I'm struggling to understand the importance and implication of the following result: Let $v\in H$.

  1. There is a $u\in H$ with $\operatorname{rank}u=1$ and $$\left\|u-v\right\|_H=\inf_{u\in H^{(1)}}\left\|u-v\right\|_H\tag1.$$
  2. There is a $u\in H^{(3)}$ and a $(u_n)_{n\in\mathbb N}\subseteq H^{(2)}$ with $$\left\|u_n-u\right\|_H\xrightarrow{n\to\infty}0\tag2.$$

Okay, by 1., there is a (not necessarily unique) minimizer of $$H^{(1)}\to[0,\infty)\;,\;\;\;u\mapsto\left\|u-v\right\|_H\tag3.$$

Question 1: But why can we infer from 2. that the analogous problem of minimizing $$H^{(2)}\to[0,\infty)\;,\;\;\;u\mapsto\left\|u-v\right\|_H\tag4$$ may have no solution? I guess we need to take $v=u$ (with $u$ as in 2.), but why does the existence of $(u_n)_{n\in\mathbb N}$ imply that there is no solution?

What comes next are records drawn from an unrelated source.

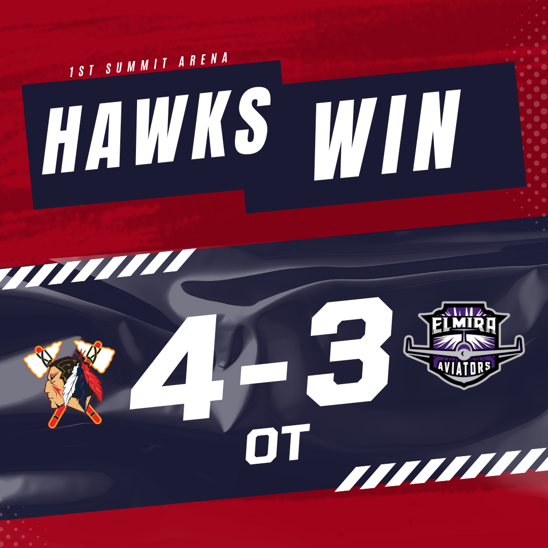 JOHNSTOWN – The Johnstown Tomahawks (11-7-3) defeated the Elmira Aviators (8-10-3) by a score of 4-3 in overtime for the second straight night at 1ST SUMMIT Arena on Saturday, November 15th. Nick Jarmain scored the game-winning goal in overtime for the Tomahawks. Emerson Marshall scored his 12th of the season, Kirby Perler got his first back with the Hawks and defenseman Cam Ross scored his first goal as a Tomahawk.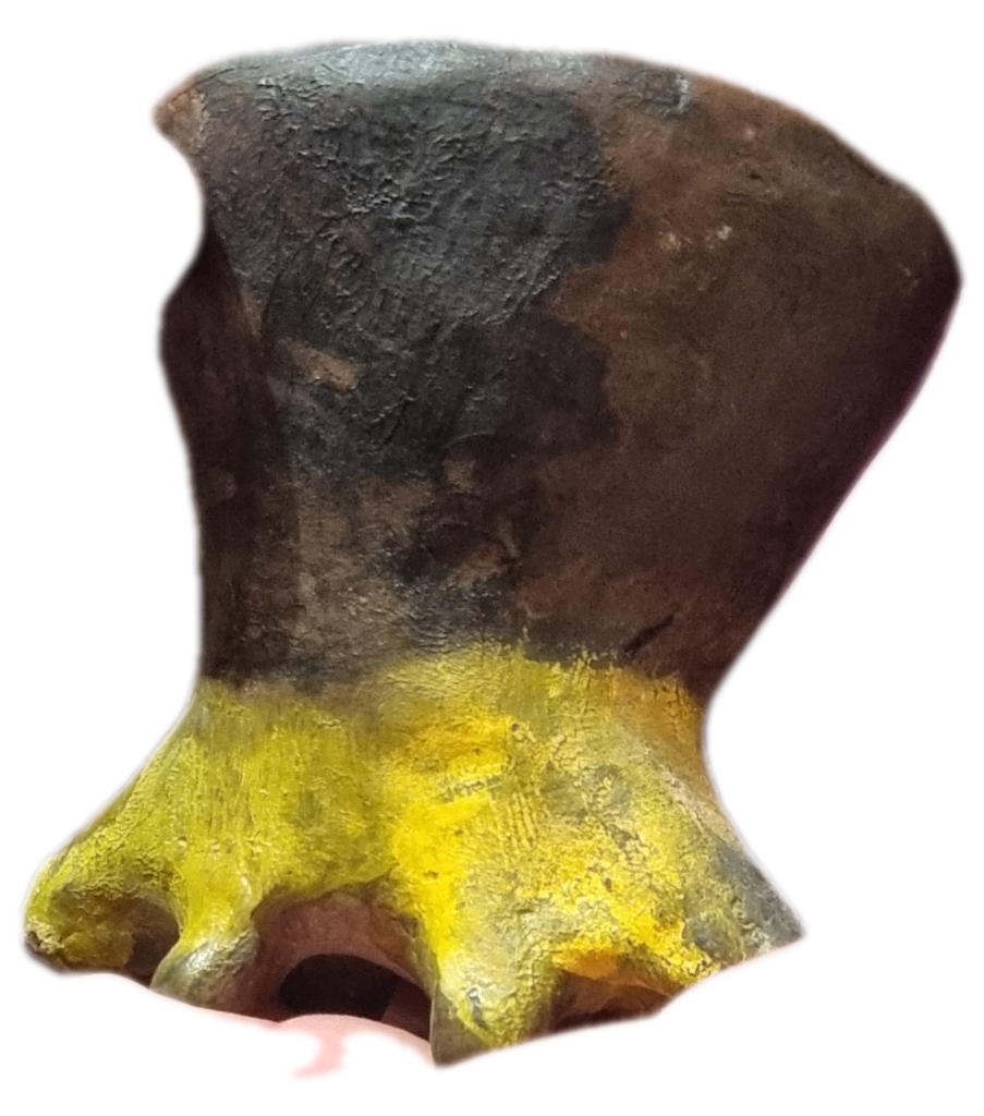 Ein Gefäß mit einem seltenen Gelb bemalt – Cadmiumgelb. Dazu mehreres: dieses seltene und äußerst teure Gelb findet man heutzutage nur mehr in Brasilien – dazu muss man rund 15 Tonnen Gestein verarbeiten, um 1 Gramm dieses Gelbs zu produzieren. Der Inhalt des Gefäßes wurde untersucht: es ergab, dass sich feinstes schwarzes Eisenpulver darin befand (reines Eisen wird lt. Wissenschaft seit max. 3.500 Jahren verwendet).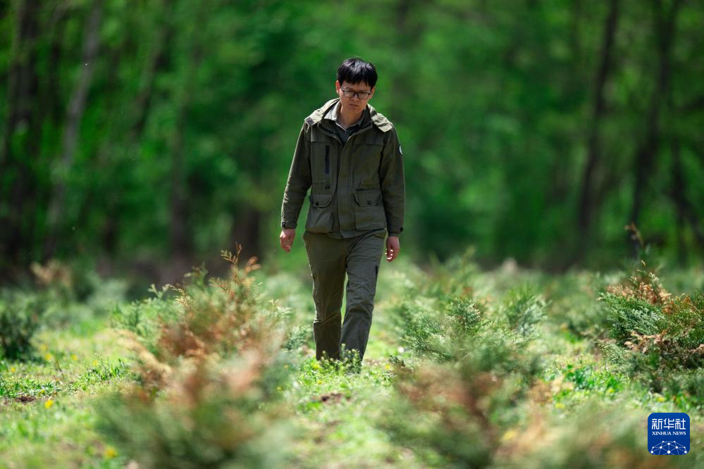 贾翔在长白山国家级自然保护区关注一株植物的生长状况(5月9日摄)。
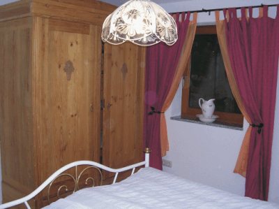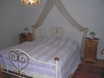 Im Schlafzimmer befinden sich ein gemütliches Doppelbett für 2 Personen, 2 Nachttische und ein großer rustikaler Kleiderschrank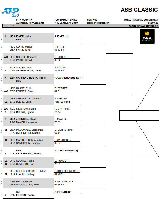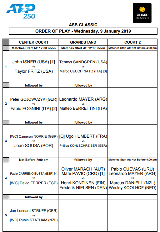 Окленд. Расписание на 9 января и обновленная Main Draw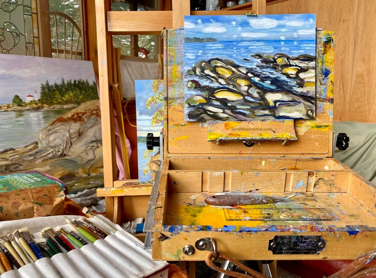 And "Sandstone Serpents at the Entrance to Active Pass" by Terrill Welch 8 x 10 inch acrylic and pencil crayon on gessobord.

Question 2: That we can only guarantee the existence of a minimizer of $$H^{(r)}\to[0,\infty)\;,\;\;\;u\mapsto\left\|u-v\right\|_H\tag5$$ for $r=1$ is unsatisfactory only if it would actually be beneficial to take $r$ as large as possible. I could imagine that the error $\left\|u^{(r)}-v\right\|_H$ of a hypothetical minimizer $u^{(r)}$ of $(5)$ is nonincreasing in $r\in\mathbb N_0$. Is this the case? If so, how can we show this?

Question 3: Can we infer from 2. that $(5)$ may have no minimizer for all $r\ge2$?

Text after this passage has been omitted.